If $f$ is closed, then given $U$ with $f^{-1}[\{y\}] \subseteq U$, we see that $X \setminus U$ is closed in $X$ and so $f[X\setminus U]$ is closed in $Y$, and we can define $V = Y \setminus f[X \setminus U]$, which is then open.
Then $y \in V$, because if $y \notin V$, this would mean $y \in f[X\setminus U]$ so $y=f(p)$ for some $p \in X \setminus U$, but this cannot be ($p \in f^{-1}[\{y\}]$ and $p \notin U$).
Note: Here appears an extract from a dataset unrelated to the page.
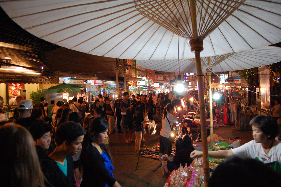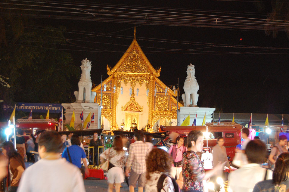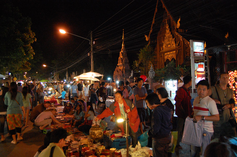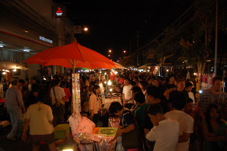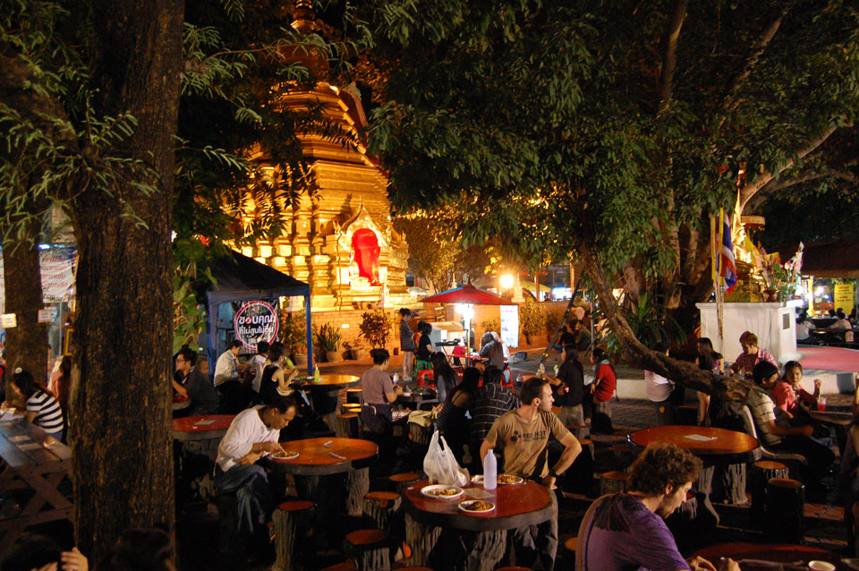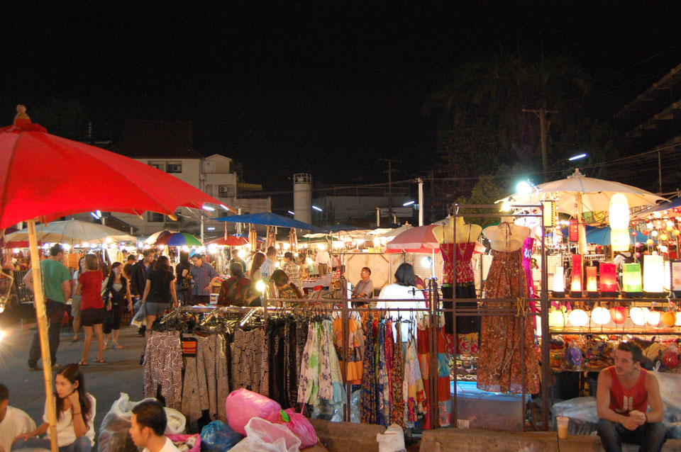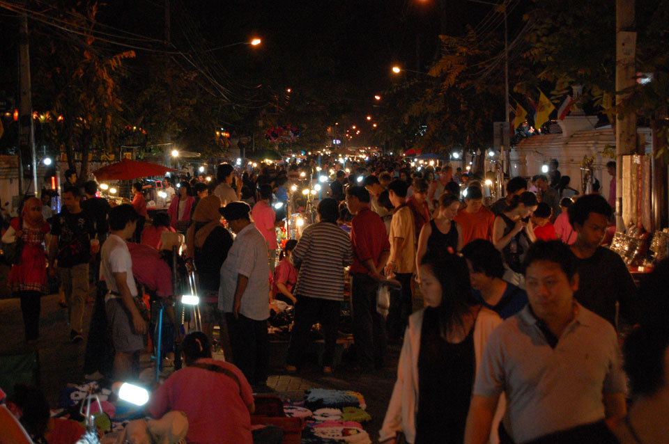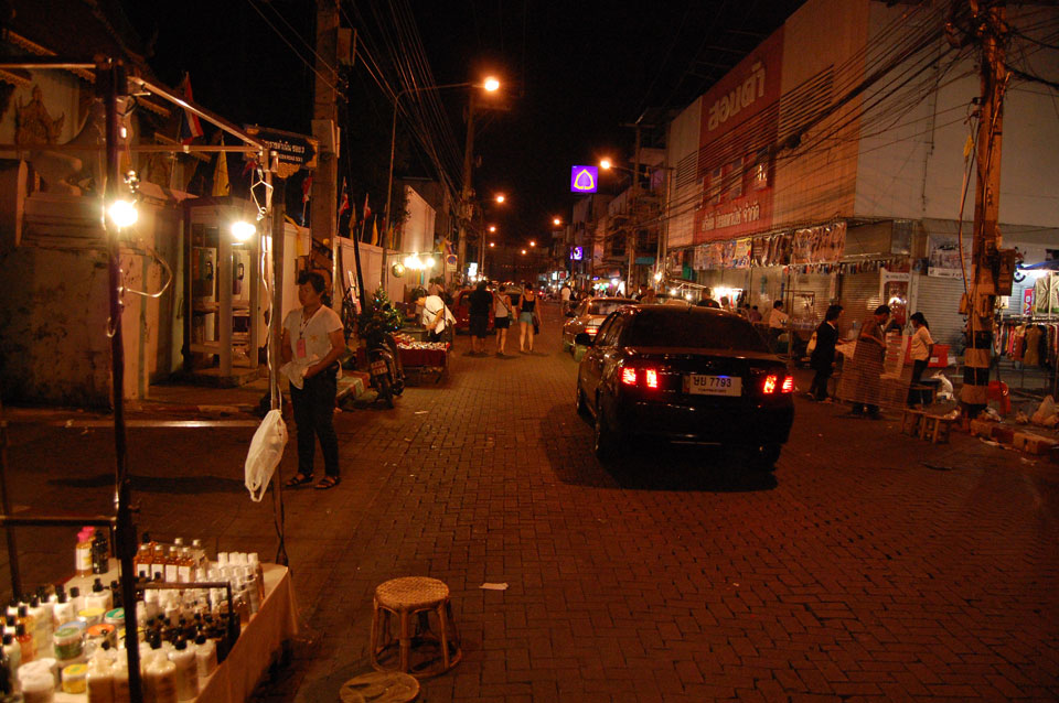 Im Hostel nahm ich neue Batterien auf und ging um 9 wieder raus. Heute zum Sonntag war der Nachtmarkt, eine große Attraktion. Ich ging zum Ost-Tor und war schon am Anfang wieder beeindruckt. So viele Leute und Verkäufer. Unzählige Kleinigkeiten wurden angeboten. Ich kaufte mir ein T-Shirt ohne zu handeln und schlenderte durch die Marktstraßen. Mir gefiel die Atmosphäre super – besser als in Bangkok, die Sachen waren auch ganz nett und spottbillig. Ein Schweinsblut-Curry und ein Gelee und noch ein Spieß – alles lecker.

Also $f^{-1}[V] \subseteq U$: if $p \in f^{-1}[V]$, then $f(p) \in V$, so $f(p) \notin f[X \setminus U]$, so $p$ cannot be in $X \setminus U$, so must be in $U$, as required.
If $f$ obeys the condition as stated, $f$ is closed: suppose $C$ is closed in $X$ and let $y \notin f[C]$. The latter means that $f^{-1}[\{y\}] \subseteq U := X\setminus C$ and so we have $V$ an open neighbourhood $V$ of $y$ such that $f^{-1}[V] \subseteq X \setminus C$, which says that $V$ misses $f[C]$ entirely. So $y$ is an interior point of $Y \setminus f[C]$, making the latter set open and thus $f[C]$ closed.